=== WHAT THIS TASK INVOLVES ===
For this exercise, copy all the data exactly and include none of the pictures.

══ DATASET EXCERPT

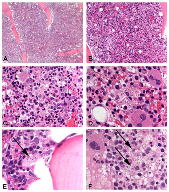 Leishmania amastigotes could be identified in the bone marrow trephine of all patients, in variable amounts. In Case 3, intertrabecular lacunae were hypercellular and numerous macrophages phagocyting significant numbers of amastigotes were evident and could be easily observed (A–D). In Cases 1 and 2, parasitic infection was more subtle with only a few amastigotes identifiable in rare macrophages ((E) and (F), respectively). In Case 1, cellularity was increased, while in Case 2, it was normal and hematopoietic progenitors of the three series displayed signs of abnormal maturation.
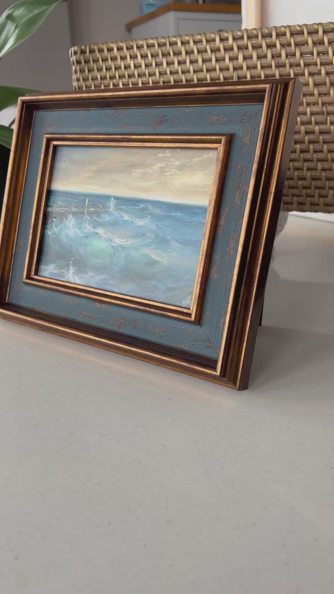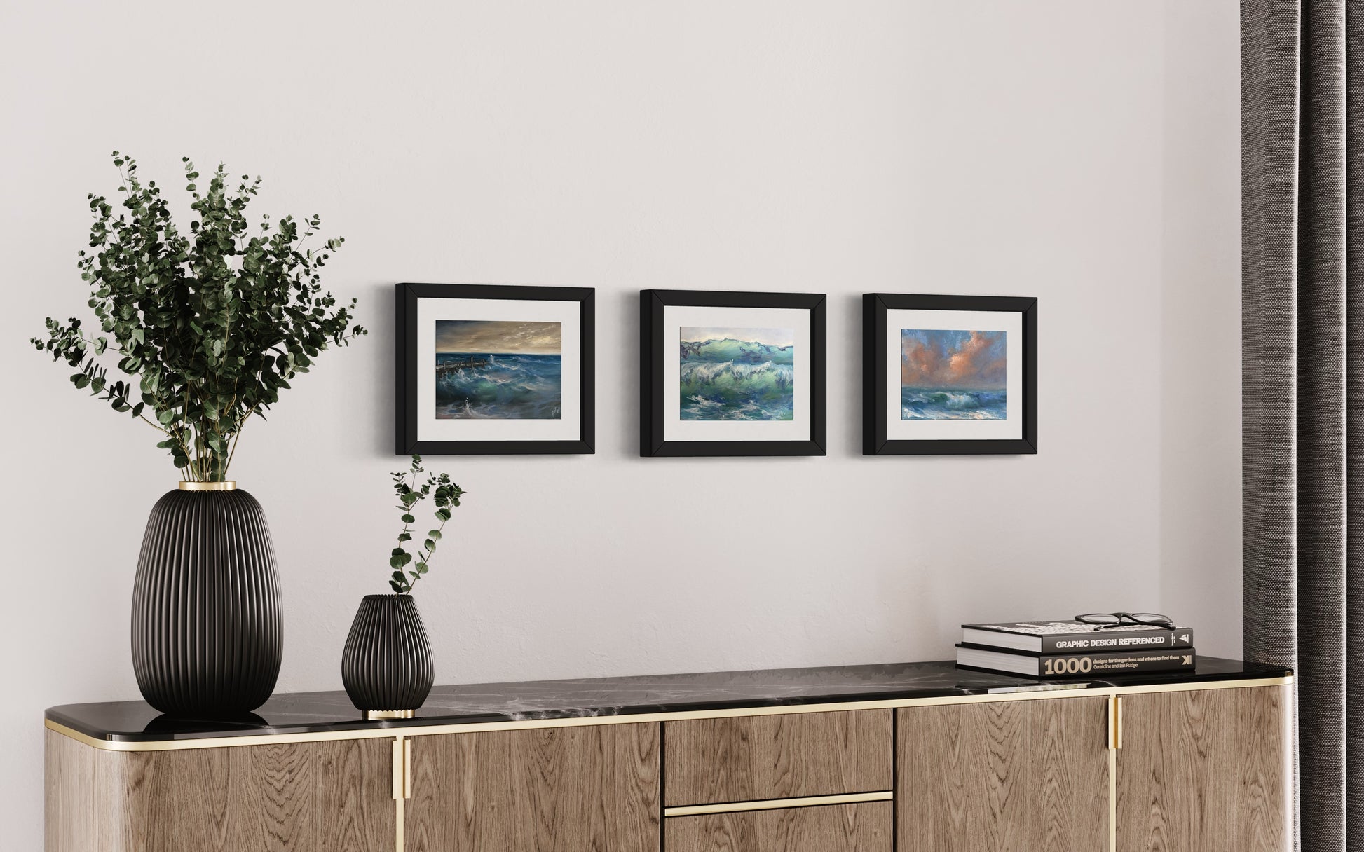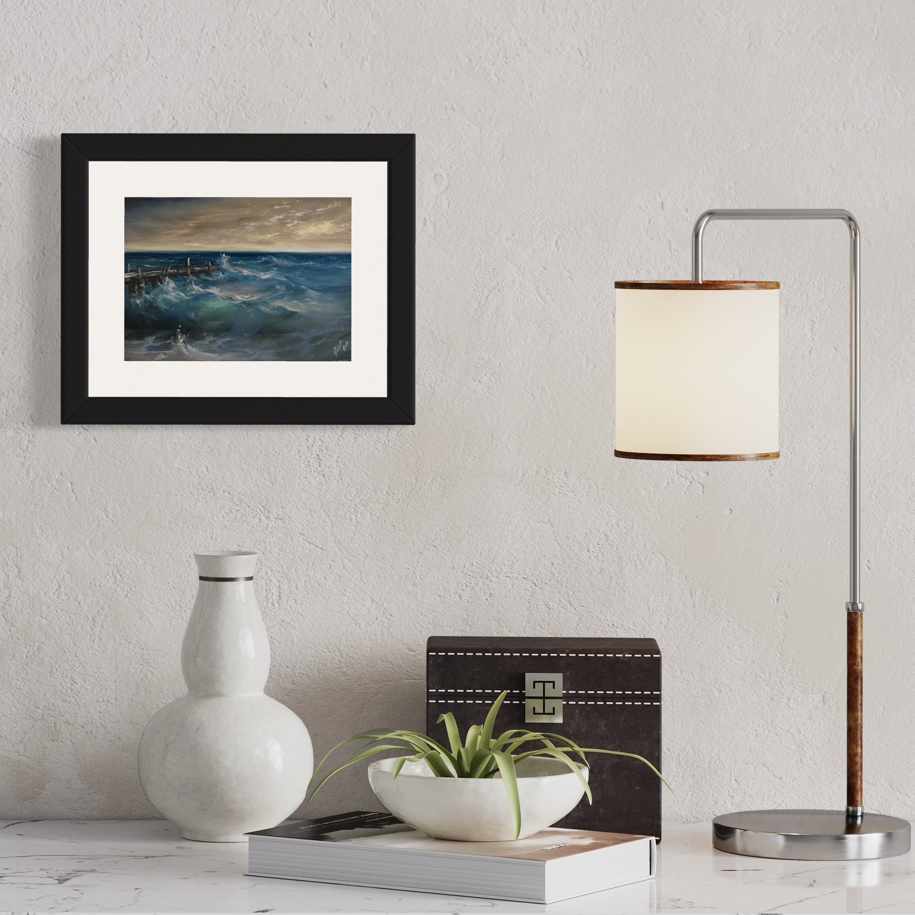 -Black wood: this original ocean painting is framed with high quality hand-made wooden frame and soft white mount , placed under low-reflective ClearView™ PlexiGlas (compare to normal glass), is signed and dated by me at the back.
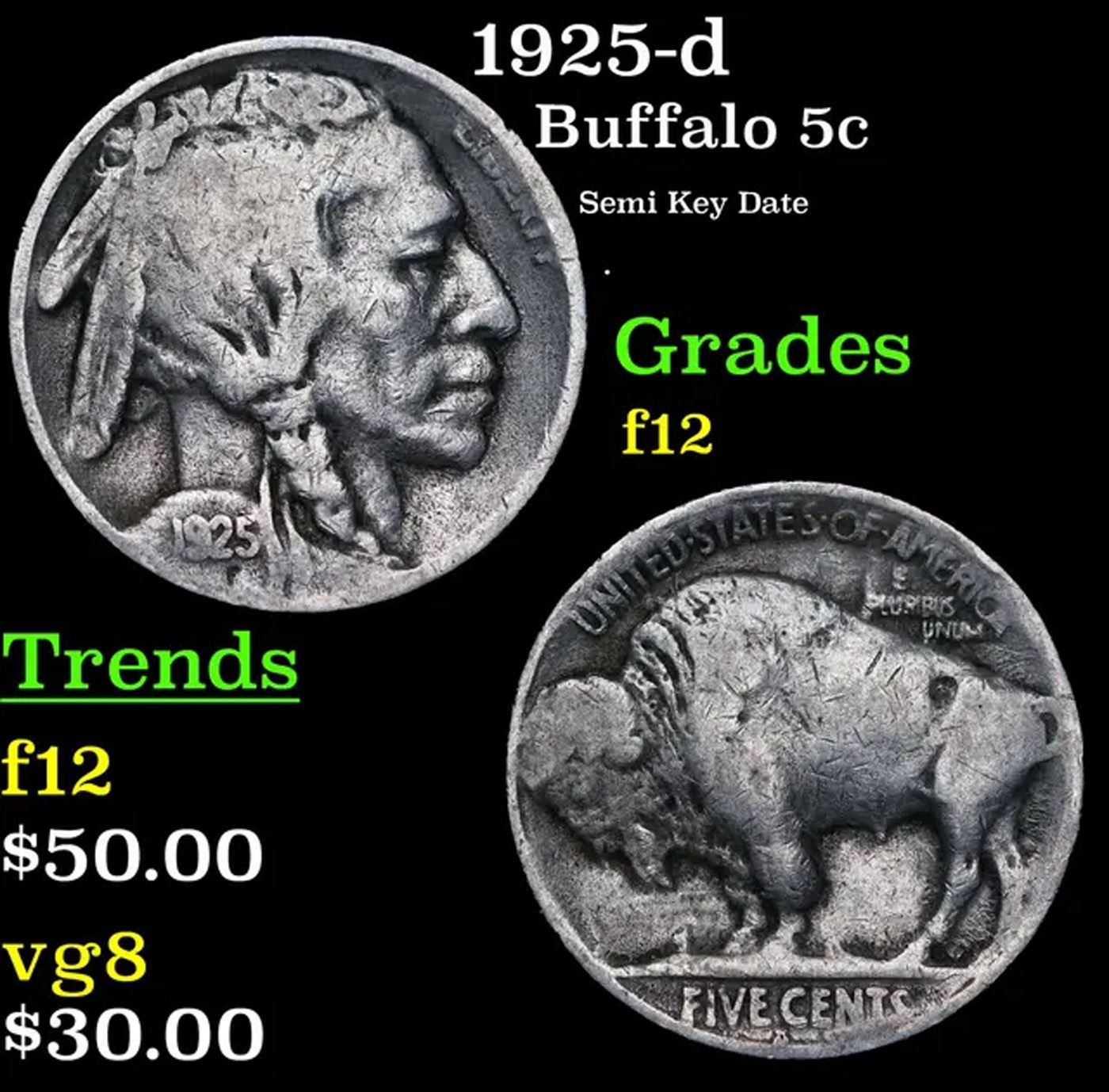1925-d Buffalo Nickel 5c Grades f, fine

════

=== SOLUTION BELOW ===
 Leishmania amastigotes could be identified in the bone marrow trephine of all patients, in variable amounts. In Case 3, intertrabecular lacunae were hypercellular and numerous macrophages phagocyting significant numbers of amastigotes were evident and could be easily observed (A–D). In Cases 1 and 2, parasitic infection was more subtle with only a few amastigotes identifiable in rare macrophages ((E) and (F), respectively). In Case 1, cellularity was increased, while in Case 2, it was normal and hematopoietic progenitors of the three series displayed signs of abnormal maturation.
 -Black wood: this original ocean painting is framed with high quality hand-made wooden frame and soft white mount , placed under low-reflective ClearView™ PlexiGlas (compare to normal glass), is signed and dated by me at the back.
1925-d Buffalo Nickel 5c Grades f, fine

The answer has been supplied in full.